The Department of Health and Human Services (HHS) Office for Civil Rights (OCR) settled for the collective amount of $1,975,220 with Concentra Health Services (Concentra) and QCA Health Plan, Inc. (QCA). The settlements stem from OCR investigations in 2011 and 2012 related to each of the companies reporting a single stolen laptop; Concentra also had a laptop stolen in 2009.

In its press release, HHS stated that after further investigating Concentra it found that Concentra was aware prior to the most recent laptop theft that not all of its laptops, desktop computers, medical equipment, tablets and other devices that contained ePHI were encrypted. But despite Concentra’s discoveries as a result of risk analyses that it had conducted, it failed to remedy the critical risks and did not encrypt all of the devices. OCR also found that Concentra had insufficient security management processes. OCR’s investigation of QCA revealed that in addition to the unencrypted laptop, QCA failed to comply with numerous HIPAA privacy and security requirements for several years.
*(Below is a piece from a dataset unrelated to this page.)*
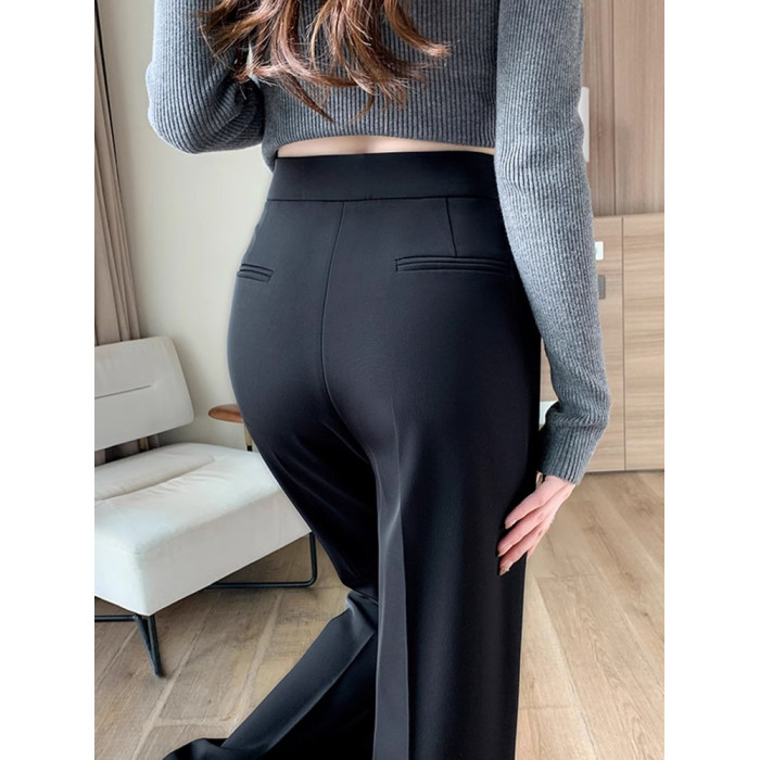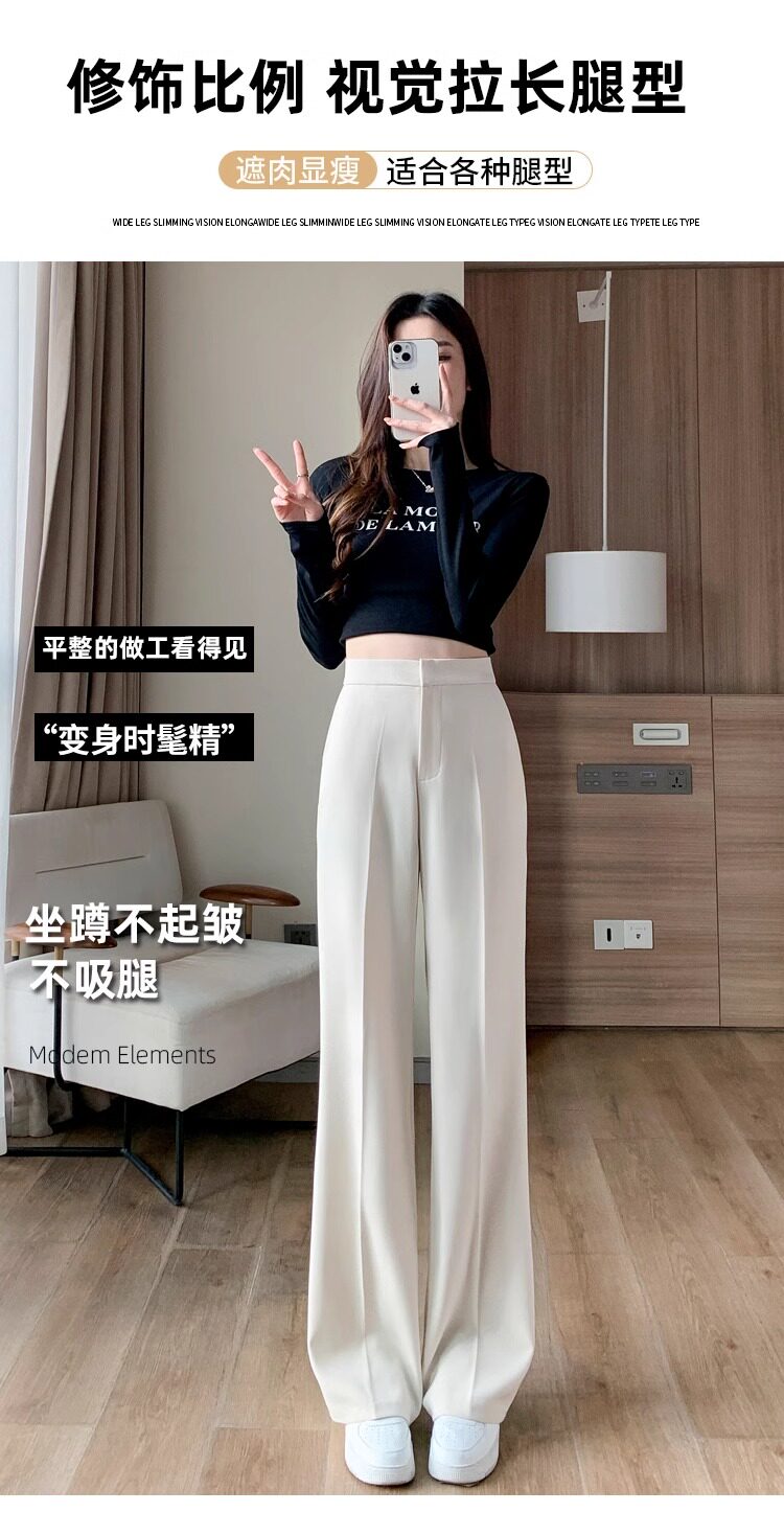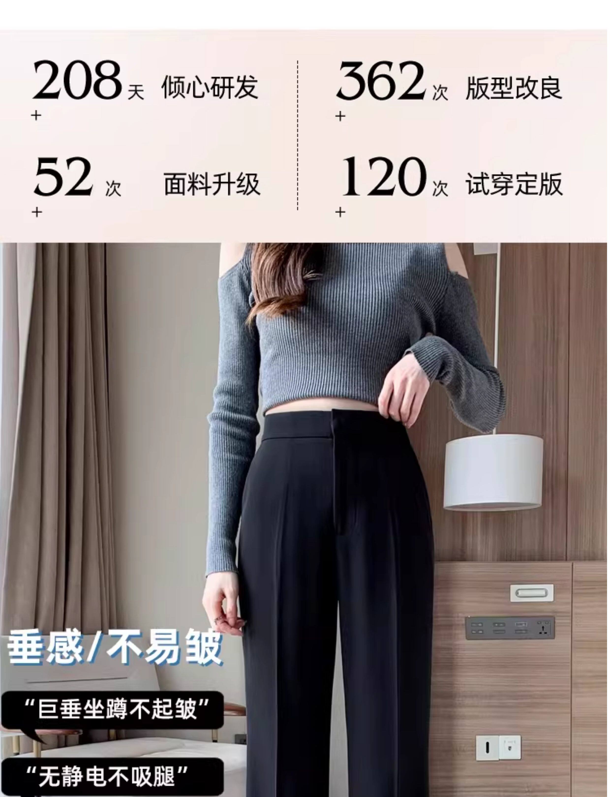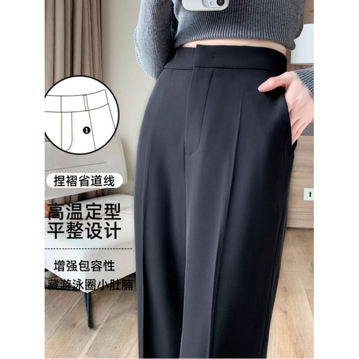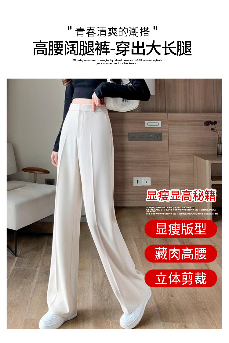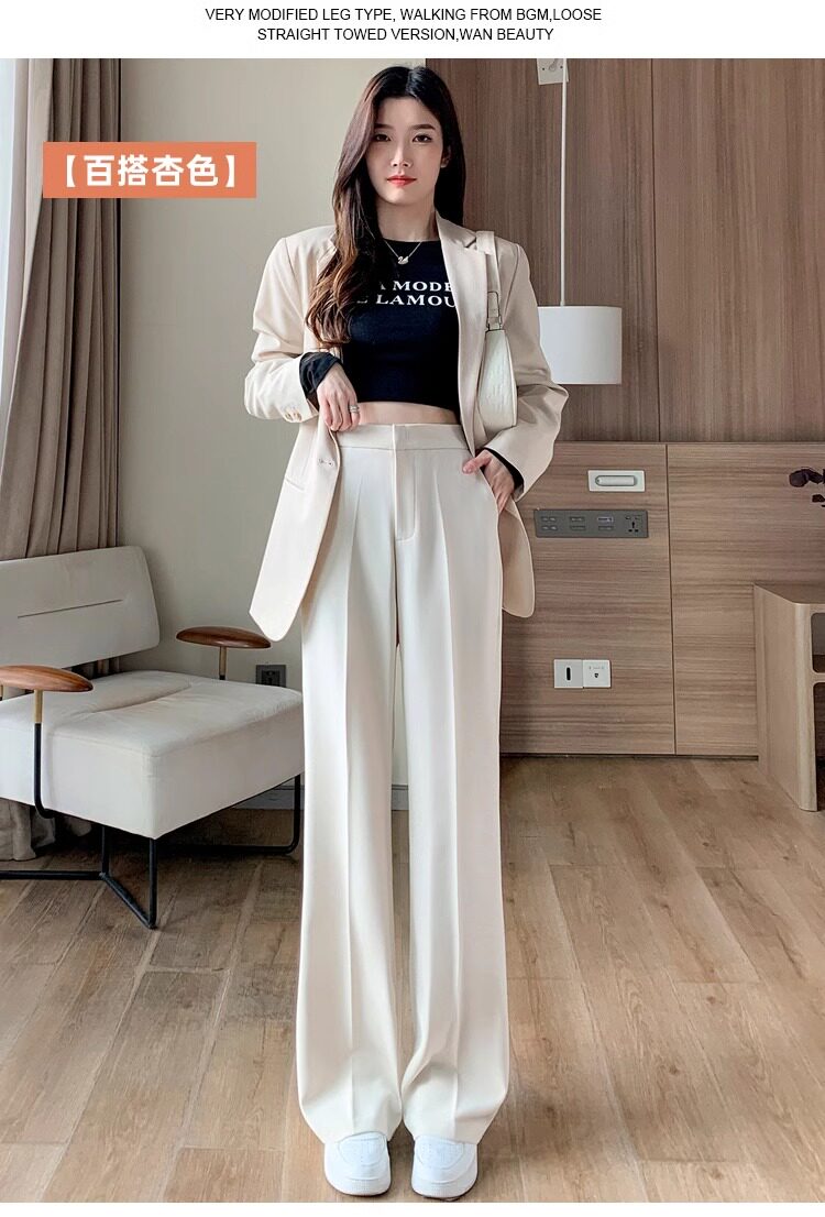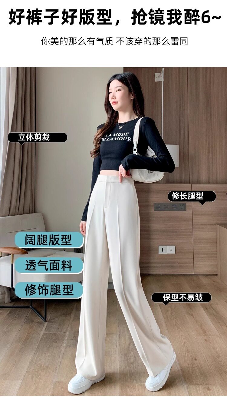 黑色西裝褲女春秋小個子高腰濶腿褲寬鬆顯瘦直筒褲職業通勤長褲子

Susan McAndrew, OCR’s Deputy Director of Health Information Privacy, reiterated the significance of encryption and the obligations of covered entities and business associates to adequately secure mobile devices when she stated that OCR’s message to covered entities and business associates is simple: “encryption is your best defense against these incidents.” Ms. McAndrew’s statement is significant and a shift from the view that although security is an obligation, encryption is not required under the HIPAA Security Rule. In light of these two settlements and the Deputy Director’s commentary it is evident that OCR views encryption as an essential security safeguard for laptops, desktop computers, medical equipment, tablets and other mobile devices. In light of these two settlements and the Deputy Director’s commentary it is evident that OCR views encryption as an essential security safeguard for laptops, desktop computers, medical equipment, tablets and other mobile devices.

Concentra has agreed to pay HHS a monetary settlement of $1,725,220 and QCA has agreed to pay $250,000. Both entities have also agreed to each undertake a corrective action plan (CAP),  which CAPs include risk analyses, development of risk management plans, policy and procedure revisions, staff training and certification of staff training. Concentra’s CAP contains more onerous requirements, including the continued submission of additional documents, reports and encryption status updates to HHS. Concentra’s CAP may be more extensive than QCA’s because it already had a laptop that contained ePHI stolen in 2009 and because it failed to remedy the encryption issue it discovered during the risk analyses it performed prior to the second laptop being stolen. OCR also noted that QCA did encrypt its devices after the laptop was stolen and it discovered the breach.

For more information about the settlements and the CAPs, see the Concentra Resolution Agreement and the QCA Resolution Agreement.

Practice Tip: Audit your encryption policies and practices for all mobile devices to adequately secure your company’s mobile devices.